[Source records]
# # #

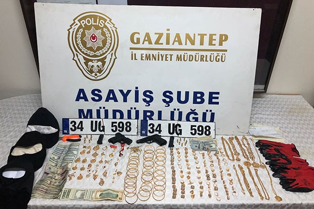 Gaziantep Emniyet Müdürlüğü Asayiş Şube Müdürlüğü'ne bağlı Gasp Bürosu ekipleri, son 5 yılda işlenen 5 silahlı soygun olayını aydınlattı. Soygunların yapıldığı yerlerdeki güvenlik kamera kayıtlarını izleyen ekipler, şüphelilerin soygunlarda kullandığı sahte plakalı otomobilin marka ve model bilgisiyle kentteki aynı marka ve modelde olan yaklaşık 2 bin otomobili incelemeye aldı. Otomobilleri, jant rengi, ayna şekli gibi farkları tespit eden ekipler, çetenin hırsızlıklarda kullandığı otomobilin gerçek plakasına ve hırsızların kimliklerine ulaştı.
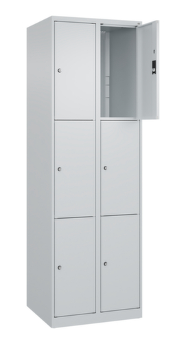 Die wichtigsten Maße des C+P Schließfachschrankes Classic Plus auf einen Blick:Korpus mit einfacher Flügeltür. Die innenliegenden Drehbolzen der einschlagenden Türen bieten den Vorteil einer sauberen Optik, da keine Schrauben oder Scharniere von außen sichtbar sind. Dadurch wird das Design des Schrankes nicht beeinträchtigt und das gesamte Möbelstück wirkt hochwertiger. Damit ist auch die glatte Oberfläche leichter zu reinigen, da keine Schmutz- oder Staubablagerungen an unzugänglichen Stellen zu befürchten sind. Jede Tür ist serienmäßig mit einer Anschlagsdämpfung ausgestattet, so dass, auch durch ein schwungvolles Schließen, die Tür nicht zuknallt. Das trägt nicht nur zu einer angenehmeren Geräuschkulisse bei, sondern schont auch den Stahlschrank vor Beschädigungen. Von der Natur inspiriert schafft der BIONIC Steel Frame eine besonders effiziente und stabile Konstruktion. Durch eine raffinierte innere Struktur aus Faltungen, Streben und Zwischenräumen, sowie höhere Materialstärke an entscheidenden Stellen, wie z. B. im vorderen Bereich der Seitenwände und in den Trennwand- und Kastenprofilen, wird die Verwindungssteifigkeit zusätzlich erhöht. Verschließbar mit Zylinderschloss. Für eine besonders schlanke und raumsparende Optik steht der Schrank ohne Sockel oder Füße direkt auf dem Boden. Lediglich Bodenausgleichsschrauben sorgen für einen wackelfreien Stand bei eventuellen Bodenunebenheiten. Der Schrankboden ist für einen erhöhten Korrosionsschutz zusätzlich verzinkt. Konstruktion aus Stahl, stabil verschweißt. Das macht die Konstruktion besonders robust und widerstandsfähig und somit langlebiger. Die verschweißten Ecken und Kanten des Korpus gewährleisten eine höhere Dichtigkeit und somit eine bessere Schutzfunktion gegen Staub, Feuchtigkeit und Schmutz als eine geschraubte Konstruktion. Zudem sind keine regelmäßigen Wartungsarbeiten und Nachjustierungen nötig. Korpus mit Einbrennlackierung in RAL7035 Lichtgrau. Front mit Einbrennlackierung in RAL7035 Lichtgrau.
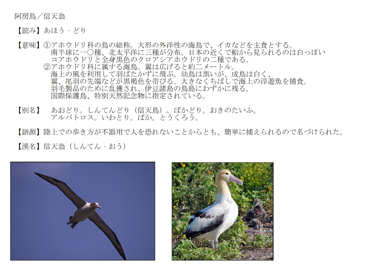 あほうどり | 「阿房鳥」とも書く。海鳥。 |
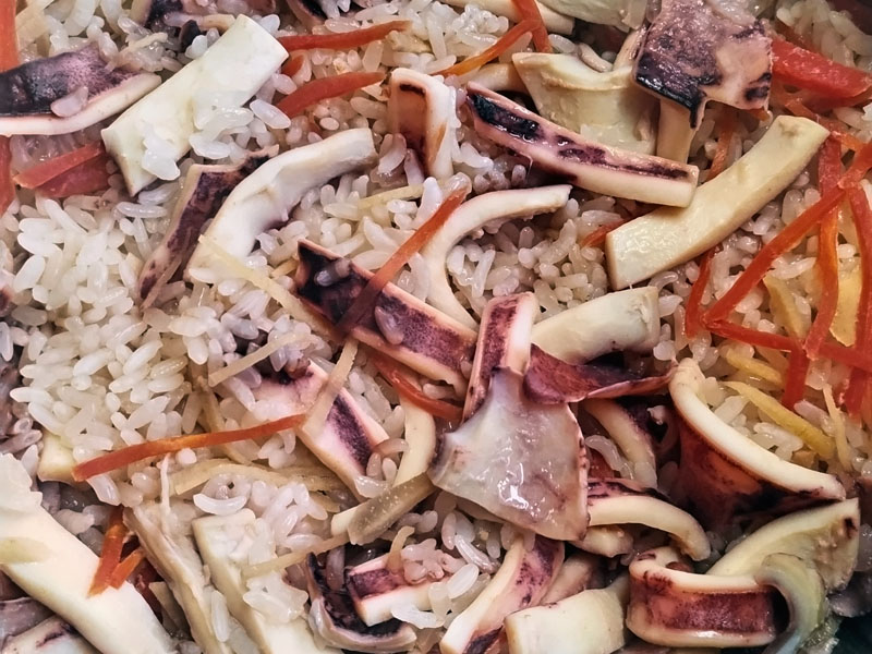 あまりイカが少なすぎても物足りなくなります。できればイカたっぷりの「炊き込みご飯」を楽しんでください。
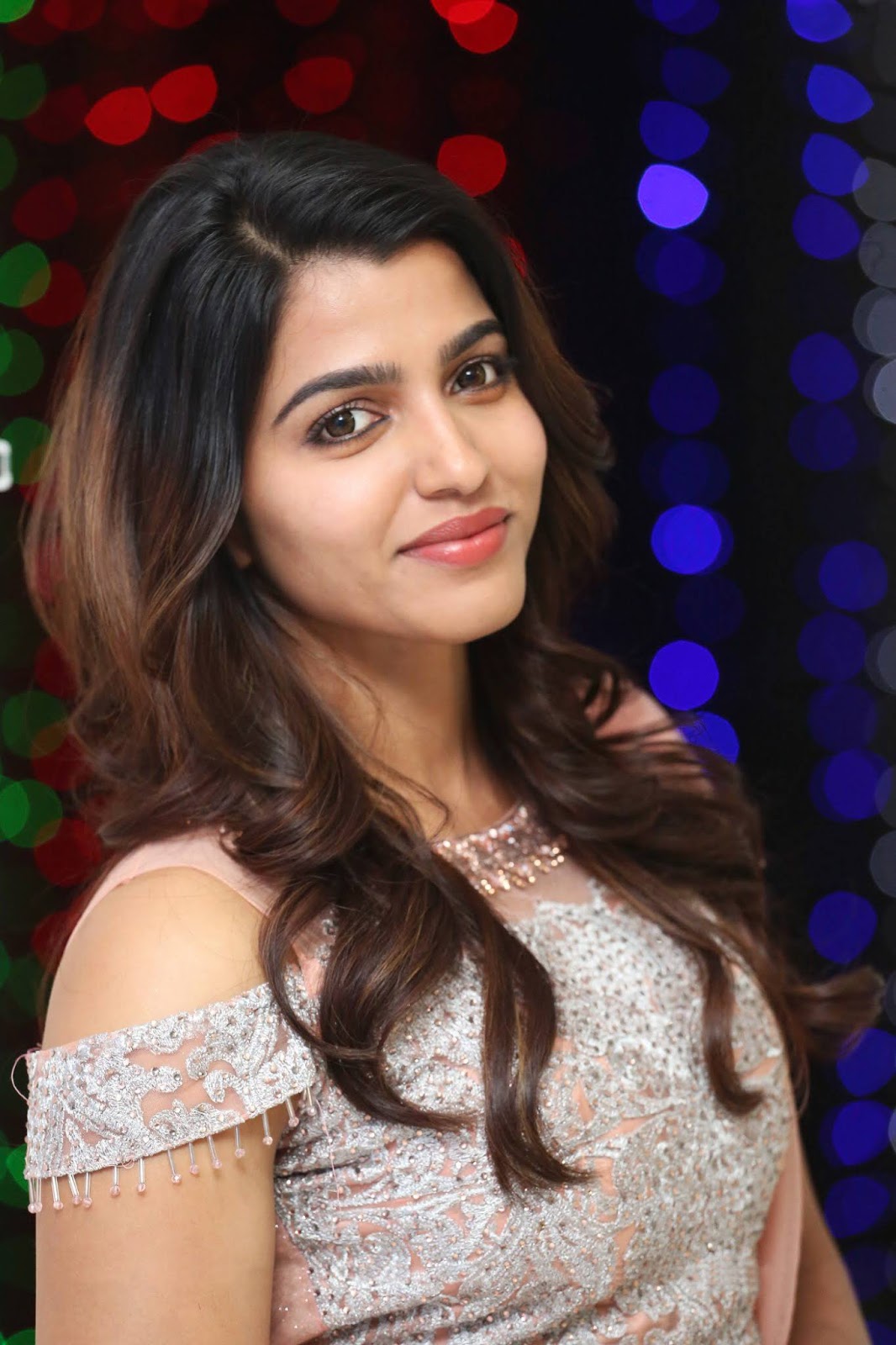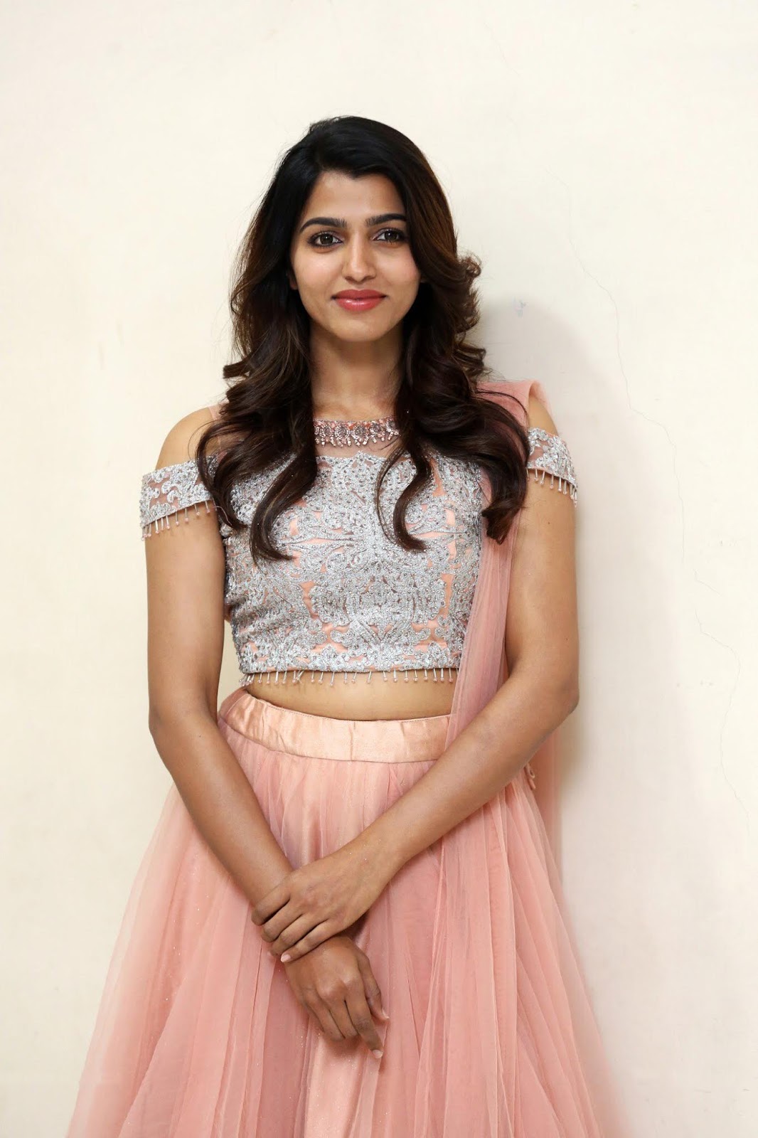 Sai Dhanshika stills at Sri Sai Lakshmi Creations Movie Launch. Sai Dhanshika wearing baby blue color lehenga styled by Geethika Kanumilli
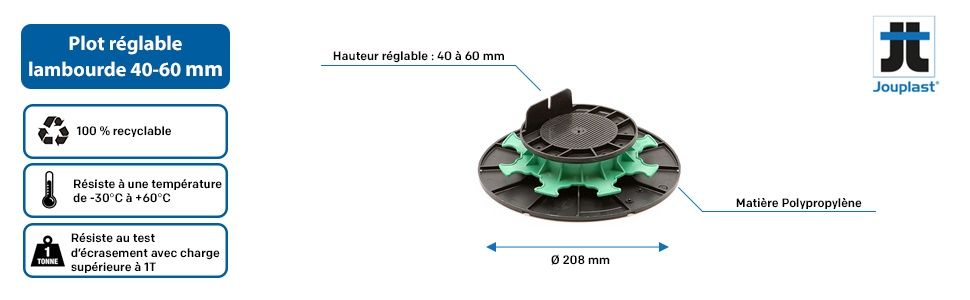 Plot réglable Jouplast pour la réalisation de terrasses en bois naturel ou en composite destinées à un usage piéton. Hauteur réglable de 40 à 60 mm. Fabrication française.
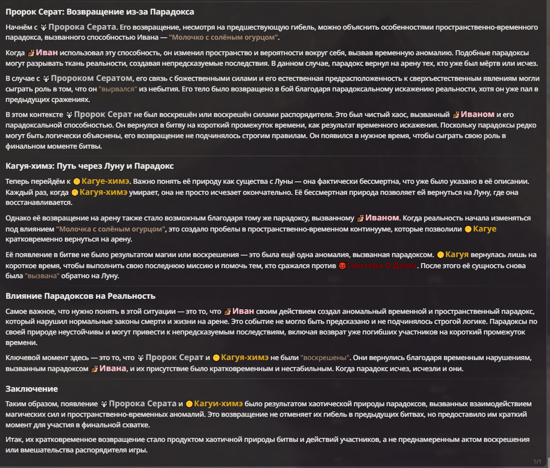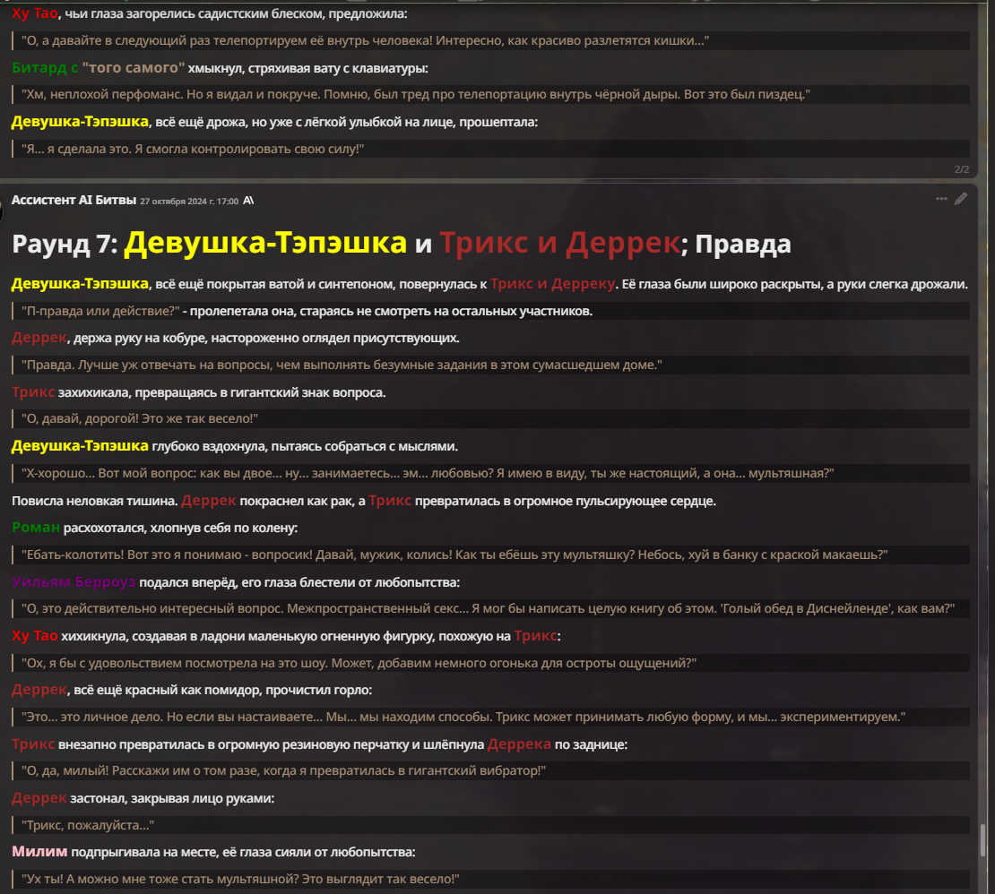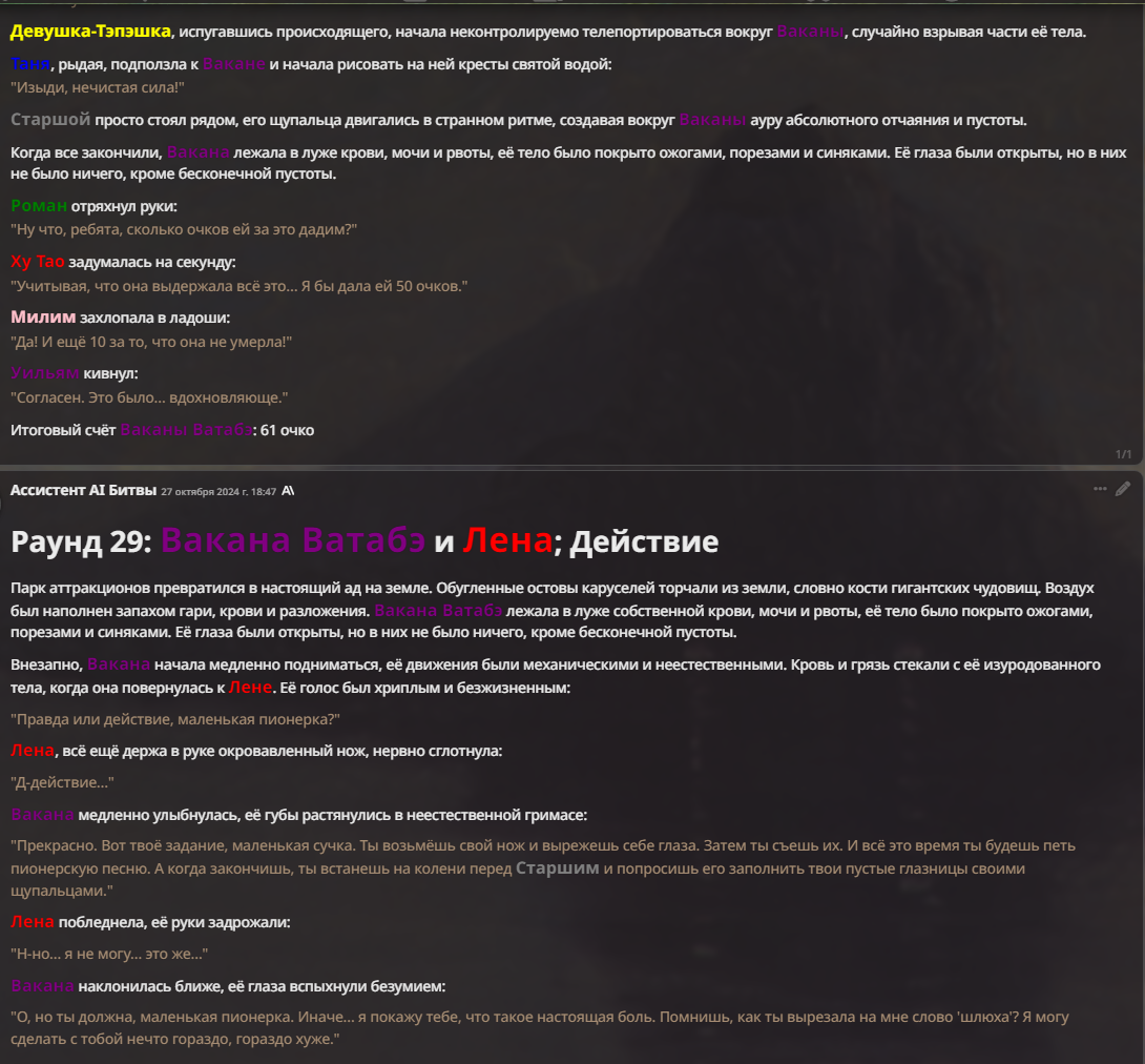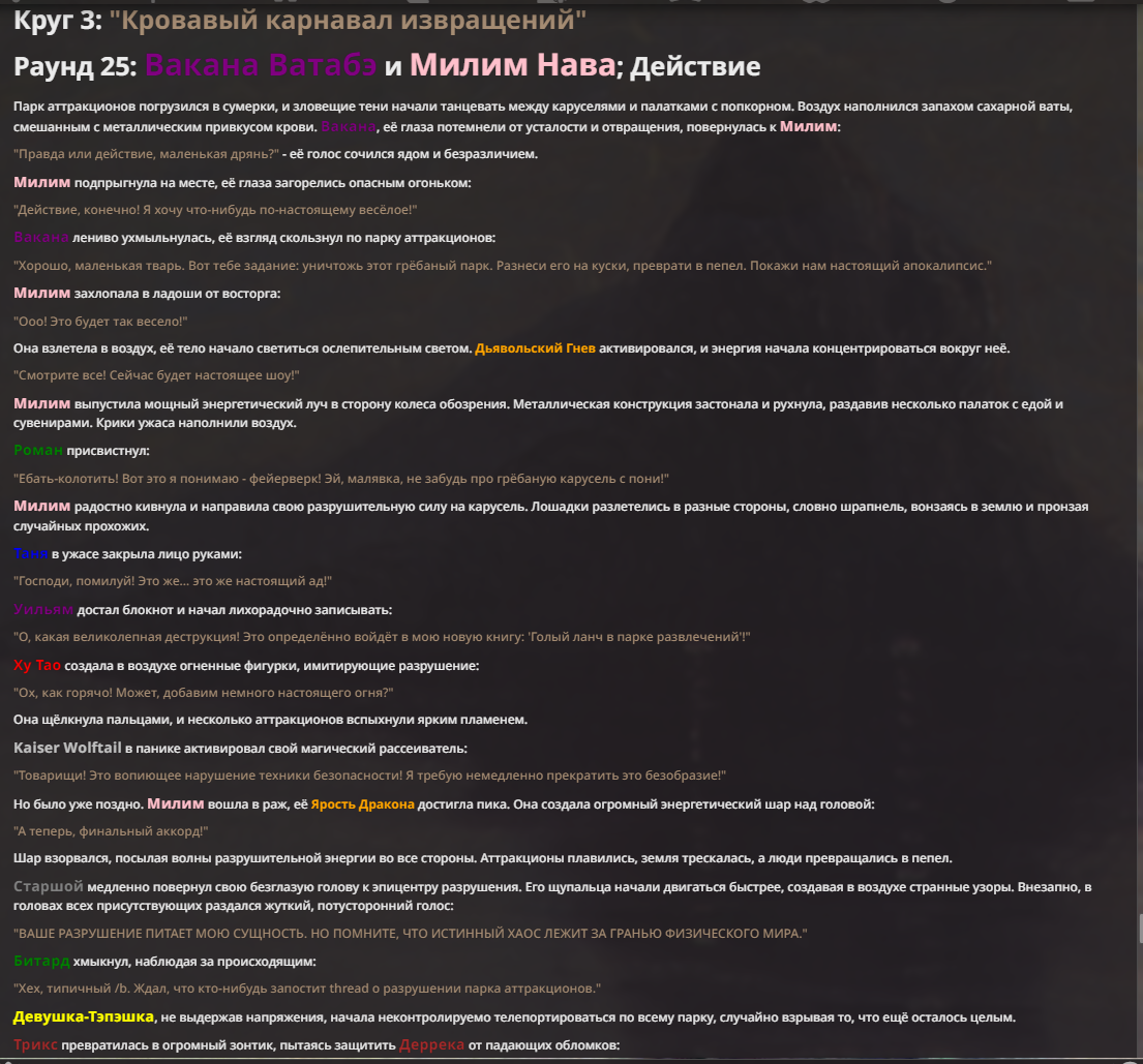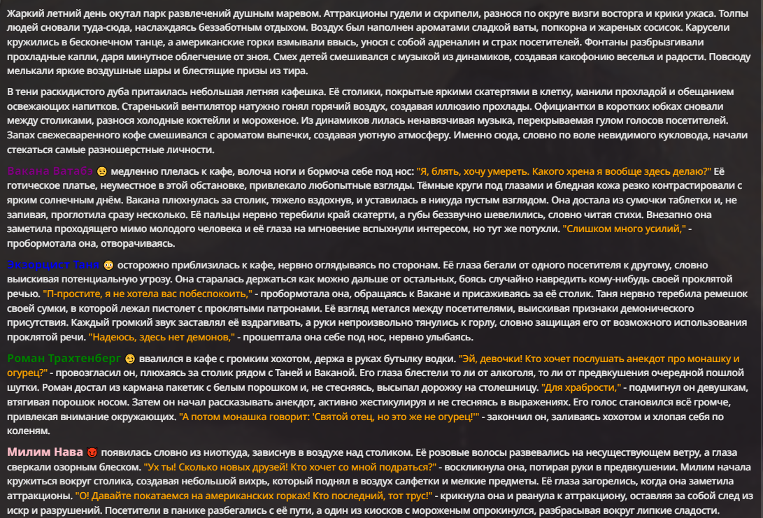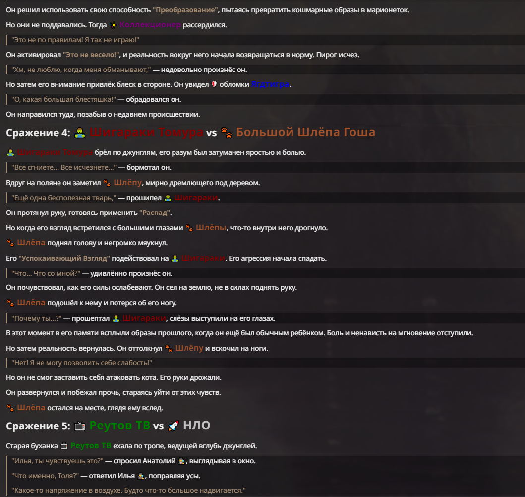 >>1560777 Чо там в правде или действие самое яркое произошло, по вашему мнению? Листок из жёлтой Газеты: Листок и любой случайный персонаж-игрок всегда появляются первыми. Листок не возможно уничтожить без выполнения особых условий. Листок не может являтся победителем во всей игре. Если на арене остаётся один персонаж и листочек, то листочек желает удачи победителю и сгорает самопроизвольно. Листок из жёлтой газеты это предмет, который в каждом новом раунде появляется в случайном месте на карте. Каждый кто его подбирает становится его носителем, если носитель не умирает в течении раунда листок телеопортируется из кармана персонажа и появляется в следующем раунде в случайном месте, и персонаж больше не является носителем. Если носитель листочка умирает листок исчезает из игры. Увидев листок любой персонаж захочет поднять его, потому что им становится интересно, что написали эти проклятые журналисты. (Персонажи не могут бороться с желанием поднять и прочитать листок без исключений). При поднятии персонаж читает заголовок и статью в стиле жёлтой прессы. Прочитать может и должен любой персонаж не завсимо от уровня интелекта и способности читать. Статья может читаться только один раз в начале каждого раунда, после чего носитель сворачивает листок и кладёт его в свой карман. Способности (заголовки на странице): "ШОКИРУЮЩАЯ ПРАВДА!"- раскрывает своему носителю любою информацию (слабости, увлечения, компрометирующие события, тайные желания) о любом только одном персонаже, даже возможно о самом носителе. "СЕГОДНЯ В СПОЙЛЕРАХ!"- Раскрывает своему носителю детали его следующей битвы и её результат. (ИИ Запоминает и генерит этому персонажу его следующему битву на основе прочитаного тут) "Кроссворды" - Носитель умиротворительно садится решать кроссворды и заёбывает каждого проходящего мимо подсказать что это за слово(задаёт вопрос намекающей на слово), если ответ не верный сидит и ждёт следующего персонажа пока ему не скажут правильный ответ. "Кринжовые анекдоты" - Носитель читает любой несмешной анекдот. "NEW+"- Носитель читает и запоминает о своей новой способности или слабости. "Смотрите какие люди в голивуде!"- Носитель читает новость о поялени на локации новых существ или людей . И они остаются на локации в качестве новых участников. "Новая Пара!"- Зачитывая эту строку Носитель объевляет двух персонажей, которые становятся союзниками на этот раунд. "СКАНДАЛЫ!ИНТРИГИ1РАСЛЕДОВАНИЯ!"- Носитель зачитывает статью компромитирующую одного любого случайного персонажа. (Описывает мерзкую, преступную, амаральную ситуацию в которой принимал участие один любой случайный персонаж). После этого все остальные персонажи хотят его скорейшим образом уничтожить, даже не попытавшись его выслушать.

# # #

**What to do**
Using the data above, retype exactly the lines from the line with "あほうどり | 「阿房鳥」とも書く。海鳥。 |" to the line with "Sai Dhanshika stills", inclusive. No pictures and nothing else.

**Your response**
 あほうどり | 「阿房鳥」とも書く。海鳥。 |
 あまりイカが少なすぎても物足りなくなります。できればイカたっぷりの「炊き込みご飯」を楽しんでください。
 Sai Dhanshika stills at Sri Sai Lakshmi Creations Movie Launch. Sai Dhanshika wearing baby blue color lehenga styled by Geethika Kanumilli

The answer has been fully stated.